Design your harness for memory from day one. If your agents don't write structured context during workflows - blackboard writes, not just task outputs - you have nothing to extract patterns from. If your workflows don't have post-completion reflection built in, learning doesn't happen. If agents don't recall before starting work, accumulated memory sits unused. The harness architecture determines whether your system can learn.

Shared context amplifies individual learning. When one agent's experience improves the whole system, your advantage compounds faster. Reflection loops that write to shared learning namespaces mean patterns discovered by CEO become available to CTO, Dev, QA. The system's experience accumulates faster than any individual agent's experience.

Let the bottlenecks surface through measurement. My agents escalated six times in one day. They were right to escalate. The bottleneck was me not responding fast enough. That pattern - escalation effectiveness, escalation format, escalation frequency - is now stored. Next time they'll escalate differently, and I'll respond faster because I saw the pattern. You can't optimize bottlenecks you can't measure, and you can't measure them without the harness capturing what's happening.

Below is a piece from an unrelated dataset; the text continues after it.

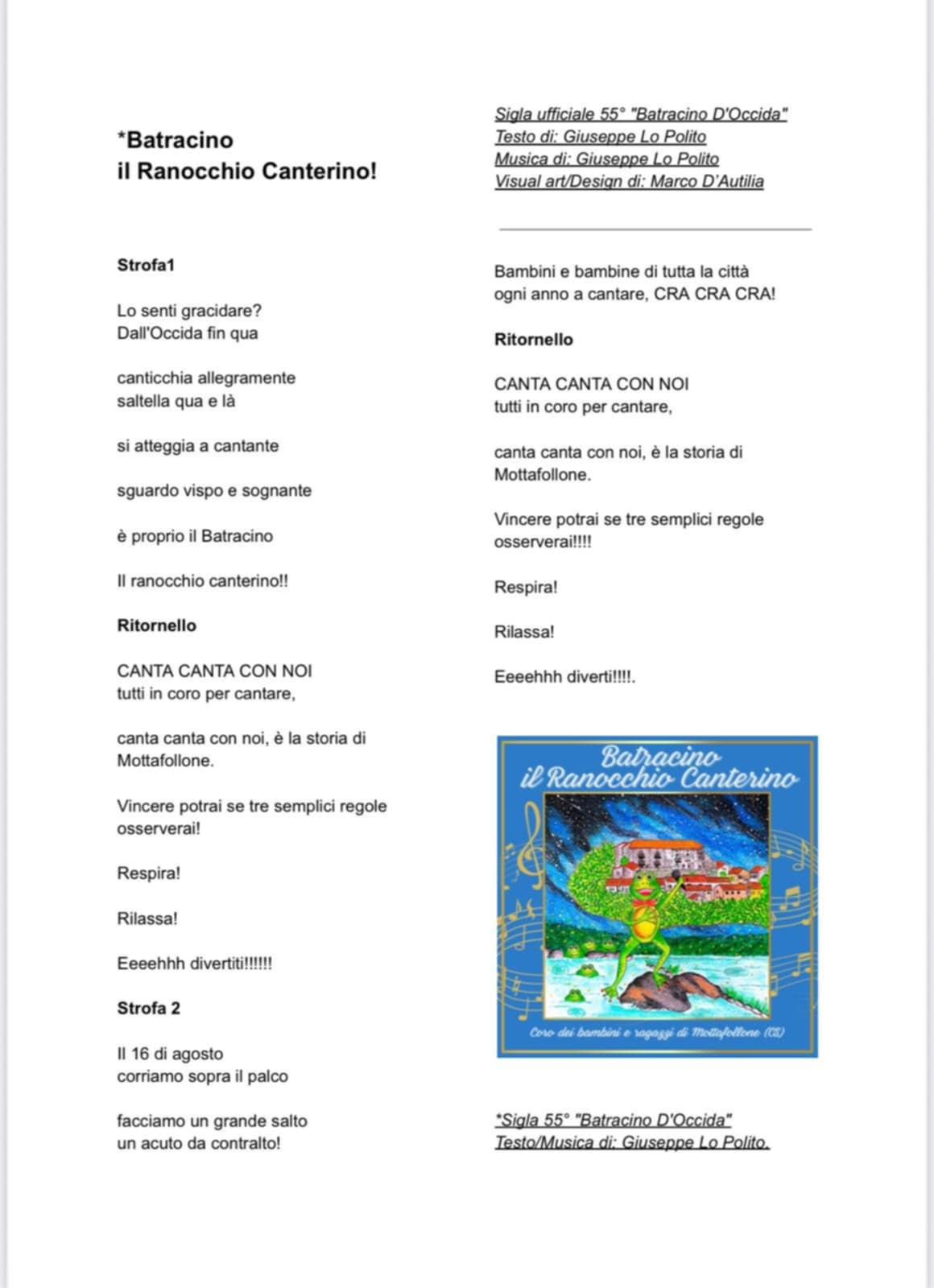 “Il 16 agosto alle ore 21,00, nella centralissima Piazza Indipendenza a Mottafollone, torna la 55° edizione del“Batracino d’Occida”; la gara canora per bambini e ragazzi che anima la serata più attesa dell’estate mottafollonese. La novità di quest’anno sarà l’apertura della kermesse canora con la Prima della sigla ufficiale, cantata dal vivo dai ragazzi e bambini del coro di Mottafollone.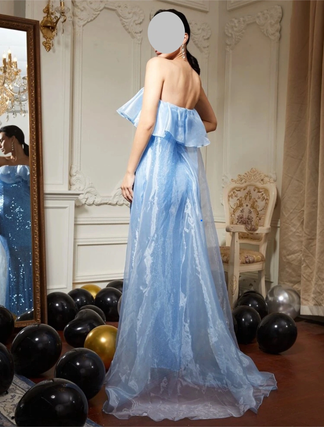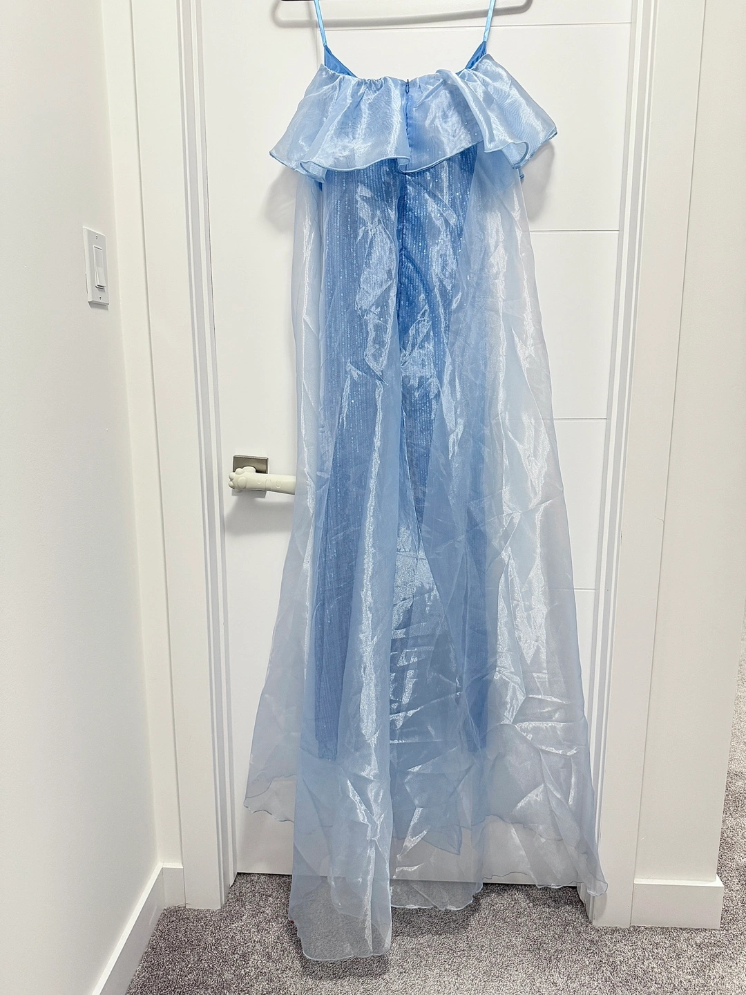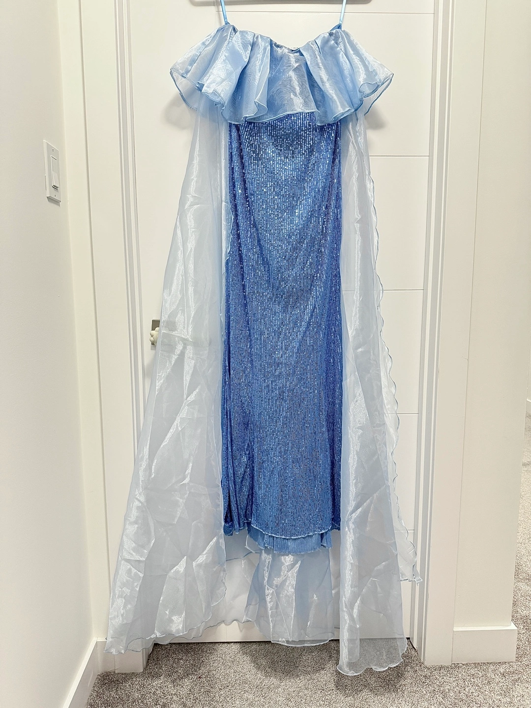 Brand new. Gorgeous light blue sequin mermaid-style gown. Features a ruffled off-the-shoulder neckline and a sheer organza overlay. Floor-length with a train. Perfect for a special occasion. Prom dress, wedding guest, party dress, evening dress. Medium, Slightly stretchy: Length: 131.3 cm, Bust:76 cm, Waist Size:72 cm.

The question isn't whether AI agents can do useful work anymore. Claude Code already does. The question is whether agents can get systematically better at the specific work you need done, in your context, with your constraints. That's not a model capabilities question. That's a harness engineering question. My CEO and CTO agents are better at their jobs today than they were two weeks ago because they remember what they learned. The models didn't change. The harness made the difference.